= Aim of the task =
Find the lines in the entries that follow where the word "wollen" occurs, and state how many there are, with no other words.

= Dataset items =
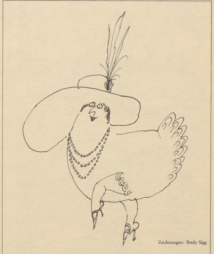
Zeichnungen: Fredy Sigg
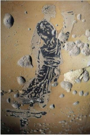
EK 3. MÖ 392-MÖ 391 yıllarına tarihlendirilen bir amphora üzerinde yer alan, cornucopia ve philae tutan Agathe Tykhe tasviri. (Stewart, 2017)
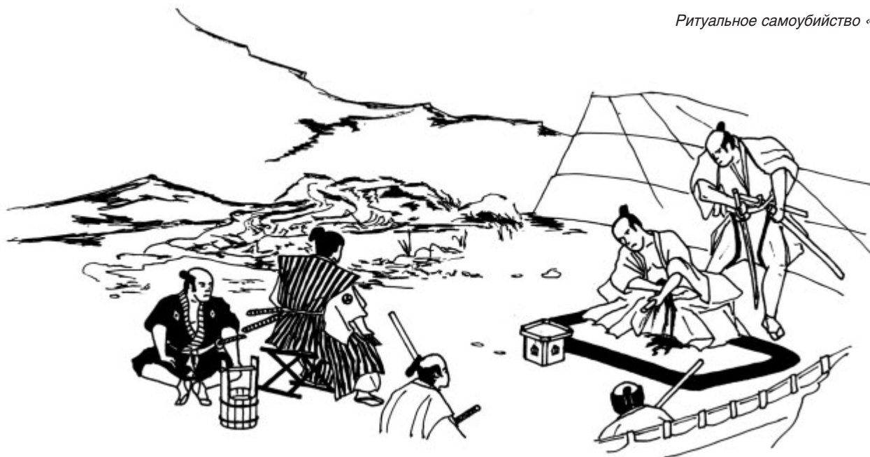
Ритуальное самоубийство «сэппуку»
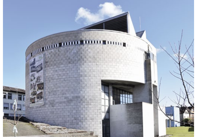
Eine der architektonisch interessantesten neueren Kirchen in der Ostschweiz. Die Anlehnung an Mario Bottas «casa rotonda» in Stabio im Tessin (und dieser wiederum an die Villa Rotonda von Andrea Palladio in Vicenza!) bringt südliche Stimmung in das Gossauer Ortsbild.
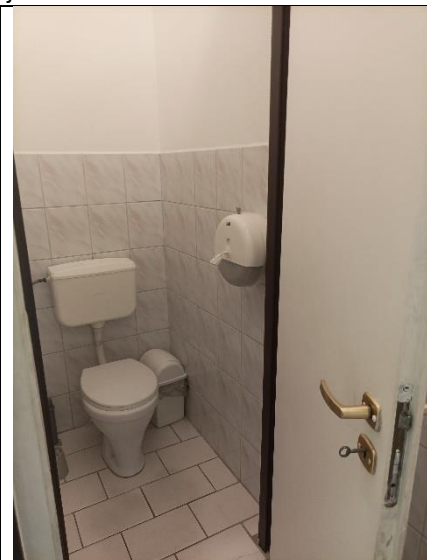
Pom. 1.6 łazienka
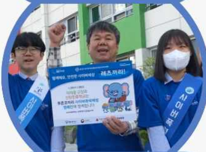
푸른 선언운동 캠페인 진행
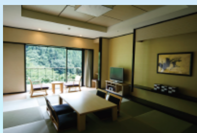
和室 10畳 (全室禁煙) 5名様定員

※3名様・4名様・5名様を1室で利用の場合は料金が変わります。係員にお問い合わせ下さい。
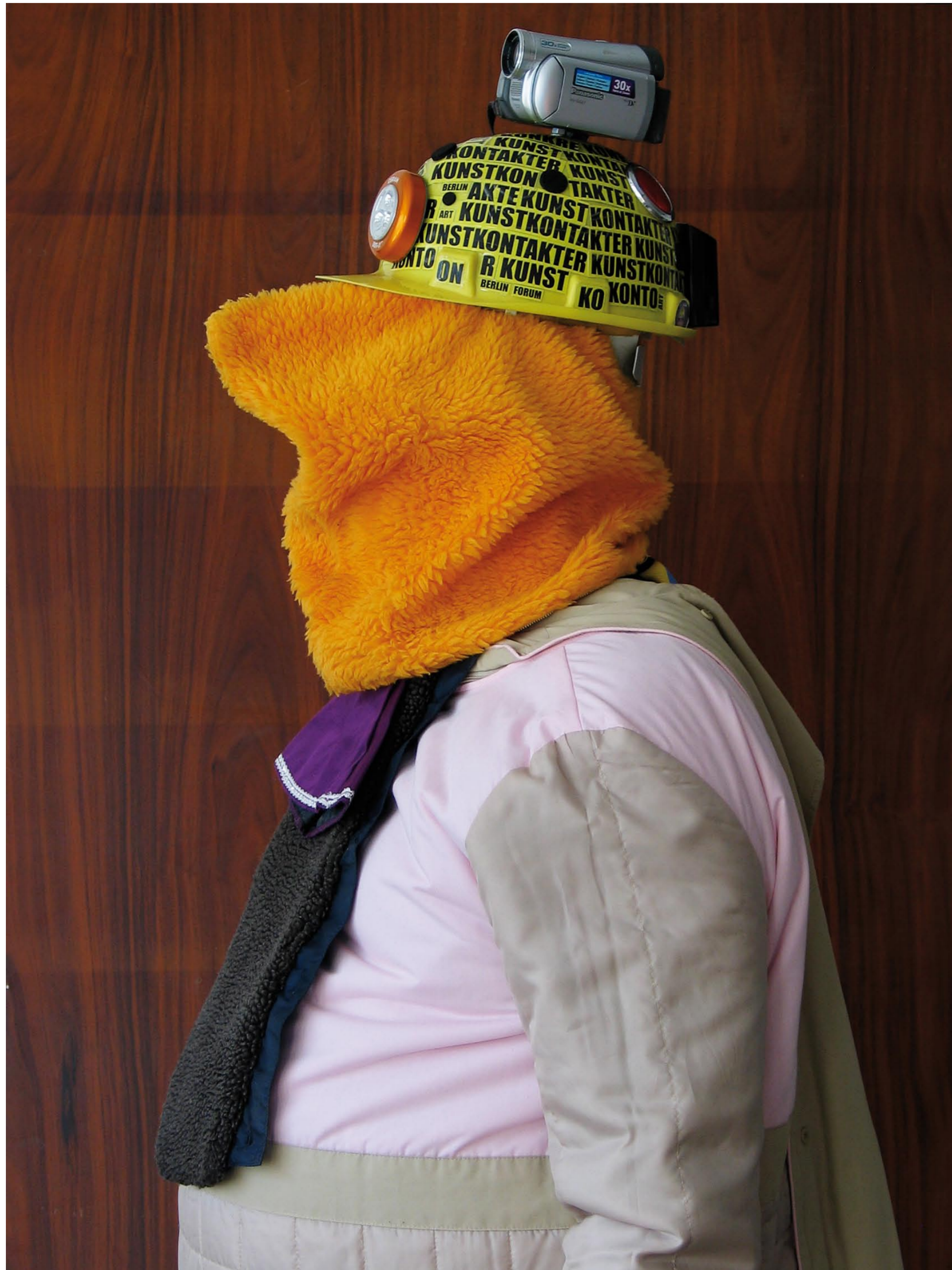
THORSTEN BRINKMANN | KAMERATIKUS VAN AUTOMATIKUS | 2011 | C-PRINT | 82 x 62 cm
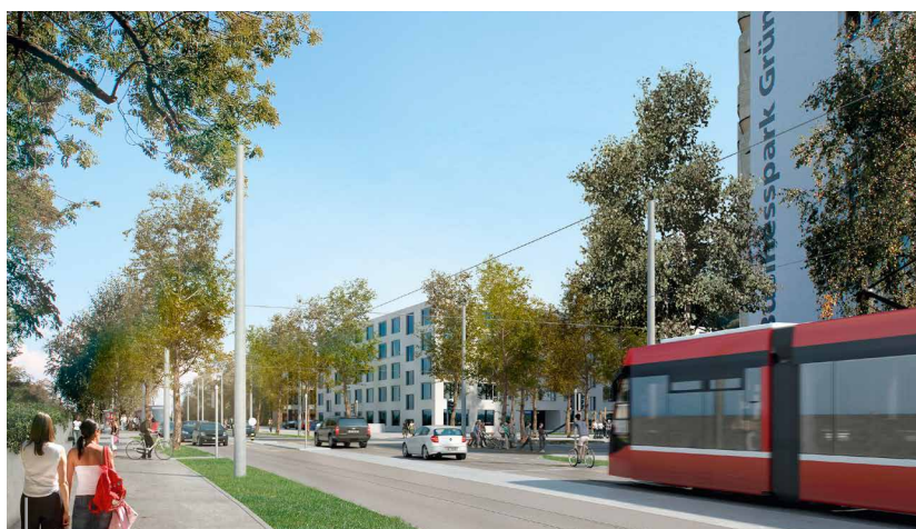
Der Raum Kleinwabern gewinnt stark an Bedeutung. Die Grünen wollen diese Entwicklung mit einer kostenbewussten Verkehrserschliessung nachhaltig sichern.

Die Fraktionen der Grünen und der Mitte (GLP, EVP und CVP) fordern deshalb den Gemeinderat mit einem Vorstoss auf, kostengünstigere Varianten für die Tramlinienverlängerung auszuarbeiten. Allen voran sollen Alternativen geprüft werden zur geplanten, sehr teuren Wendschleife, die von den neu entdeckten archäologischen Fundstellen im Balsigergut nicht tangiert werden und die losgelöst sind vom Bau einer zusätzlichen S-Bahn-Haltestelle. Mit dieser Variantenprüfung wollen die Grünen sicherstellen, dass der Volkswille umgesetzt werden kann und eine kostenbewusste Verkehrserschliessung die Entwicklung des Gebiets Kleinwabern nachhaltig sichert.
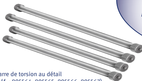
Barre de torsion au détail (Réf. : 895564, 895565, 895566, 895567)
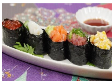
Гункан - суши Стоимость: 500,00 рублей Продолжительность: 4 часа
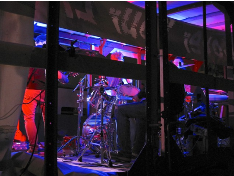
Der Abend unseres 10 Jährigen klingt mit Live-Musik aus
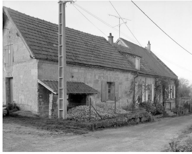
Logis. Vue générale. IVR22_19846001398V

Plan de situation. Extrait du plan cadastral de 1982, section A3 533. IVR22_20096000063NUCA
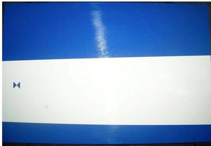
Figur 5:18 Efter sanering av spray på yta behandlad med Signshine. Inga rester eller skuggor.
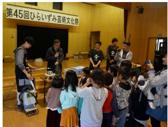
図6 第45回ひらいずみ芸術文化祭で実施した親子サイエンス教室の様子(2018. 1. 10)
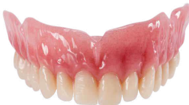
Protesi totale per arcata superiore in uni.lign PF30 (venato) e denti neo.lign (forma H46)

= Response =
2